Omit the shorthands like Chrome does, then. I'm asking for a meaningful serialization, and not necessarily one with shorthands. IMHO a gCS serialization with only longhands may make more sense than one with shorthands, given the nature of the potential use cases.

However, many properties are required to serialize differently for gCS, and the "uncompute" mechanism may not exactly match that requirement, so reusing it can potentially further complicate things.

But you already implement getProperyValue. All that you need is to add it to a buffer. Does not sound overly complex.

From the use case side, I'd argue that getting a serialization of a declaration block containing every property with shorthand serialized properly is hardly the ideal way for anything.

Agreed.

If you just want to persist and restore all values, you should just iterate all properties in that block, that would almost certainly be faster than relying on browser to generate the serialization of the huge declaration block, then parsing this huge serialization again

Persist and restore is just one use case. The fact that doing it that way can be inefficient does not mean that gCS serializations are useless.
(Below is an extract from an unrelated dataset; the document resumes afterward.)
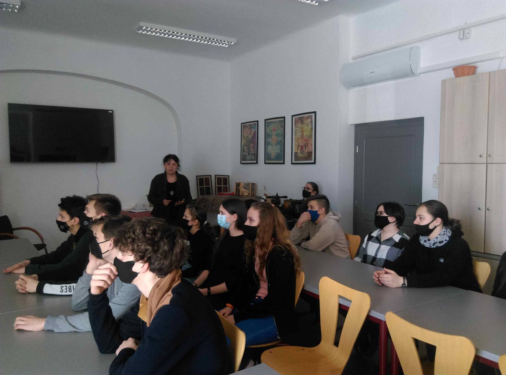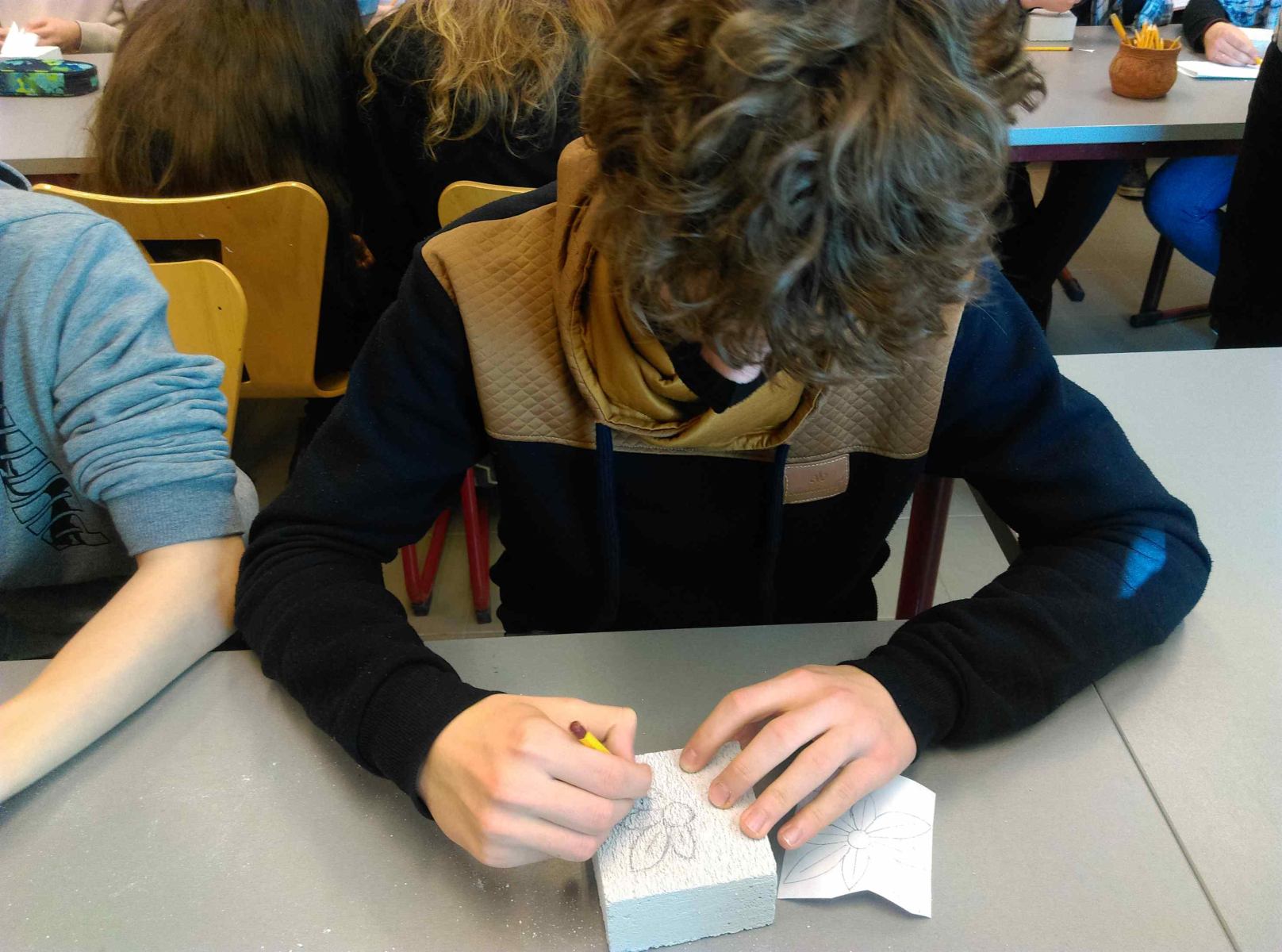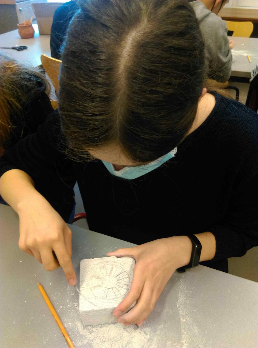 Ezen a foglalkozáson az Egri Dobó István Vármúzeum Várműhelyében múzeumpedagógiai foglalkozáson vettünk részt, amelynek témája a „Mesélő kövek” voltak. Először egy előadáson ismerkedtünk meg a kőfaragó mesterséggel, az építőműhelyek, a céhek alakulásával. A faragott kövek meséltek arról, hogy milyen mesterségbeli tudással rendelkezhettek az egri vár kőfaragói. Ezután mi is kipróbáltuk, hogy mennyire lehetett nehéz dolguk a kőfaragó mestereknek, motívumokat véstünk ytong téglákba.

Also, shorthand serialization are usually for human readability, but would anyone want to read a declaration block serialization containing hundreds of properties?

My serializations do not (generally) contain hundreds of properties. I do not include properties that take their initial values due to defaulting (and the count of properties that are cascaded or inherited is what I return in getLength(), and not the total amount of properties known to my library).

Given that this needs probably non-trivial extra work on implementations, while it doesn't seem to be very useful, we should probably just make it as simple as possible so that implementations can be interoperable on the behavior.

On UAs, that serialization is IMHO useful for debugging purposes, and for CSS tools (like mine) it can have other uses (although I do know that the WG is not very concerned about non-UA use cases).

I have use cases about putting the serialization in the style attribute of a DOM document and passing it to a rendering library that does not know how to compute styles, but can retrieve them from the attributes. It can also be useful to write tools that monitor changes in the styling of the elements in the DOM tree of a web page.

That is, on UAs gCS serialization can be useful, and on other type of implementations it is definitely useful.

And to me, "make it as simple as possible" means the Chrome behaviour (but I do not know whether it serializes all the properties or only the cascaded-or-inherited, as I mentioned).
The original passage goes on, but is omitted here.